When offensive advantages were weighted more heavily than defensive advantages, and vice versa, the overall model performed weaker than when the offense and defensive units are evaluated evenly. Moreover, there is almost no difference between the "offensive" model and the "defensive" model. There is no particular advantage, based on this model, to having an offense- or defense-based team.

OffAdv DefAdv

Model 2 was developed between weeks 5 and 6 of the 2020 regular season, so it currently only has one week of implementation. That said, there was only one prediction from Model 1 that was unlikely based on the findings in Model 2 (Bengals vs. Colts: Model 1 predicted the Bengals), and Model 2 correctly predicted the Colts. Therefore, Model 2 is, so far, a valid "check" on Model 1.

2020Over 2020Under

Notes on Document Organization

Order of operations for using the jupyter notebooks:

  • First, I used the "compiling" notebook to import all of the 2010-2019 data.

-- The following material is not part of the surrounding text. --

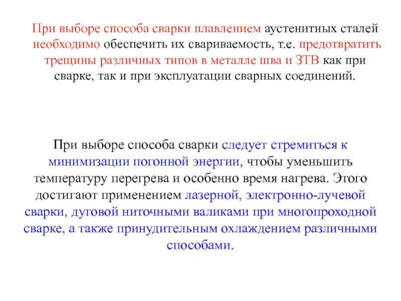 Слайд 42При выборе способа сварки плавлением аустенитных сталей необходимо обеспечить их свариваемость,

This notebook no longer needs to be referenced as new data becomes available.
  • Second, I used the "updating" notebook to append the 2020 data, and I continue to update/run this notebook each week.
  • Third, I used the "modeling" notebook to scale and encode the data, and then run the built-in machine learning models. These turned out to be relatively inaccurate, so I no longer run this notebook.
  • Fourth, I used the "SQL" notebook to create a relational database between team names and team ID
  • Lastly, I use the "analyzing" notebook to determine weekly predictions and update accuracy figures. This notebook reincorporates the SQL database tables.

Directory Tree:

  • The folders should all be placed on level further away from the jupyter notebooks in a folder called "Resources"

Prior Updates

Update for Segment 3:

  • Presentation on Google Slides has been updated to reflect the new model accuracy numbers and updated visualizations based on an adjustment in the code.
  • There is now a secondary model that can be used to find weaknesses/blindspots in the primary model. The secondary model identifies if there are any teams that are consistently over- or underestimated by the primary model. I used this secondary model to override my primary model's prediction that the Bengals would beat the Colts this week. The secondary model indicated that the Bengals have been overestimated by the model and the Colts have been underestimated, so I overrode the prediction and, as anticipated, the Colts won.
  • I now have a second repo for the website aspect of this project. I have purposefully separated these repos because I do not want people to have access to the code, in the event that I plan to commodify my algorithm, and gitpages requires me to keep the published repo "public." As soon as this course is over, I am going to make this repo private and use it only to log the code while the product of this code is visualized in the other repo.
  • Link to other repo: https://github.com/amnichols93/PickSys
  • Link to gitpage: https://amnichols93.github.io/PickSys/

Update for Segment 2:

Presentation Slides: https://docs.google.com/presentation/d/1BMbp83ryxox5Rm0n8Au2fhnJJwBQ1P3ISek7oBGqSko/edit?usp=sharing This presentation offers an update on the project so far. Some slides only include key words, since I don't plan on presenting with a lot of text on the screen.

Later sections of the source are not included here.